## Excerpted data
▼

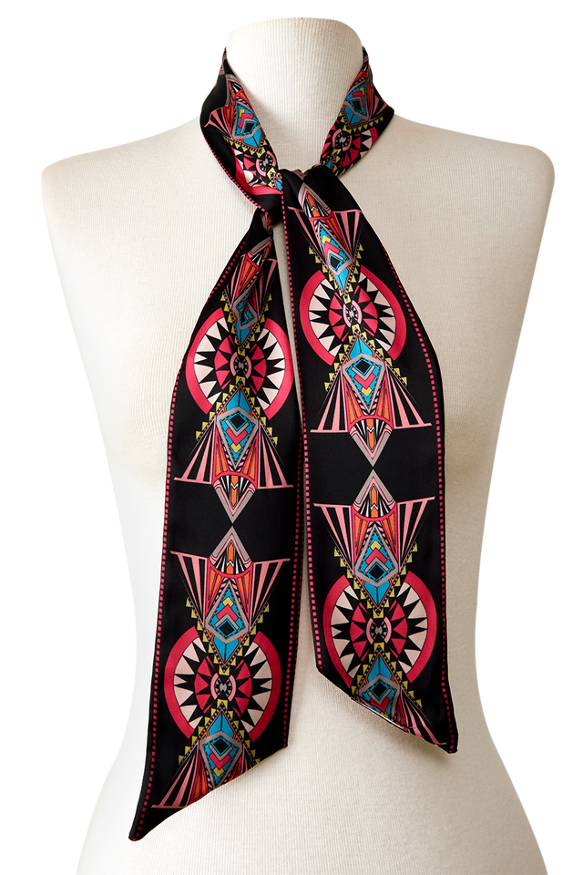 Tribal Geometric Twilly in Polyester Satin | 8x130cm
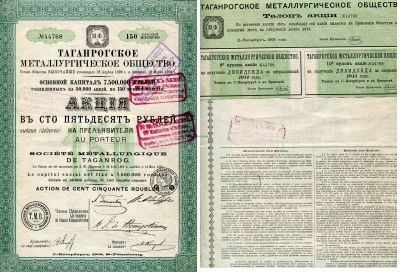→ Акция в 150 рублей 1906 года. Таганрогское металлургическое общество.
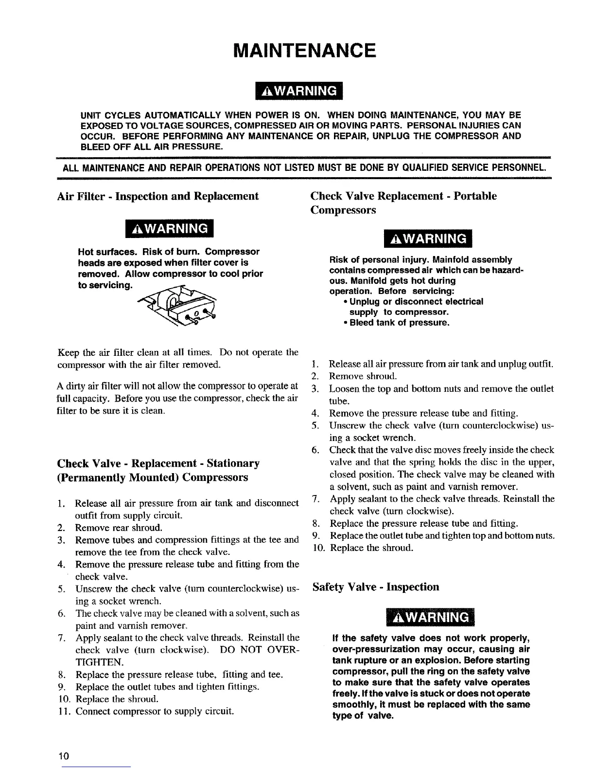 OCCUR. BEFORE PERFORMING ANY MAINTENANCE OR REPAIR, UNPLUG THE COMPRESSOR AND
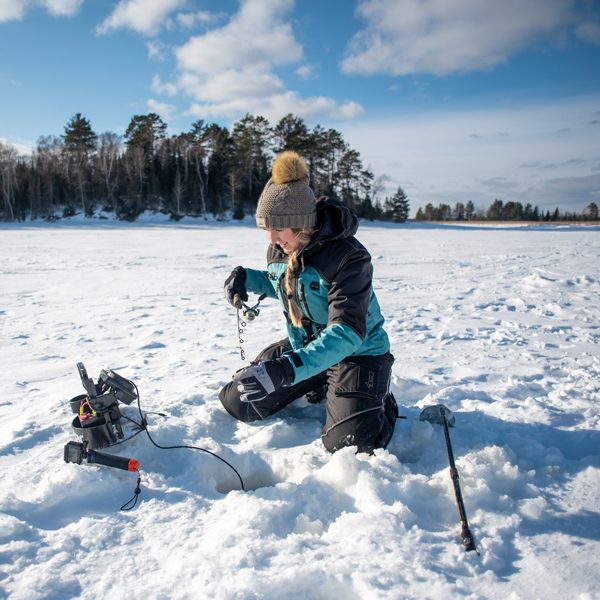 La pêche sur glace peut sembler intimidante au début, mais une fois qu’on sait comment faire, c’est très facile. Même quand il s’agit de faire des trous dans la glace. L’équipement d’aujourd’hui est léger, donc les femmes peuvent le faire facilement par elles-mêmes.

▲
▼

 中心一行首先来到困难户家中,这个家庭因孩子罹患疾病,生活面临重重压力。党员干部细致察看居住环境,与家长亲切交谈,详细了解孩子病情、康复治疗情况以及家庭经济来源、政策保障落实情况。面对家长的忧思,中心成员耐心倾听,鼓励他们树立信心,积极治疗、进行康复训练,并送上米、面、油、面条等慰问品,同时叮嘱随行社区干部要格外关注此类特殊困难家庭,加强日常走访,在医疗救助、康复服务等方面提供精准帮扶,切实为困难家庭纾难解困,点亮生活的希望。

▲

Using the listing above, reproduce word for word every line from the one containing "Tribal Geometric Twilly" through the one containing "La pêche sur". Pictures must be left out.

 Tribal Geometric Twilly in Polyester Satin | 8x130cm
→ Акция в 150 рублей 1906 года. Таганрогское металлургическое общество.
 OCCUR. BEFORE PERFORMING ANY MAINTENANCE OR REPAIR, UNPLUG THE COMPRESSOR AND
 La pêche sur glace peut sembler intimidante au début, mais une fois qu’on sait comment faire, c’est très facile. Même quand il s’agit de faire des trous dans la glace. L’équipement d’aujourd’hui est léger, donc les femmes peuvent le faire facilement par elles-mêmes.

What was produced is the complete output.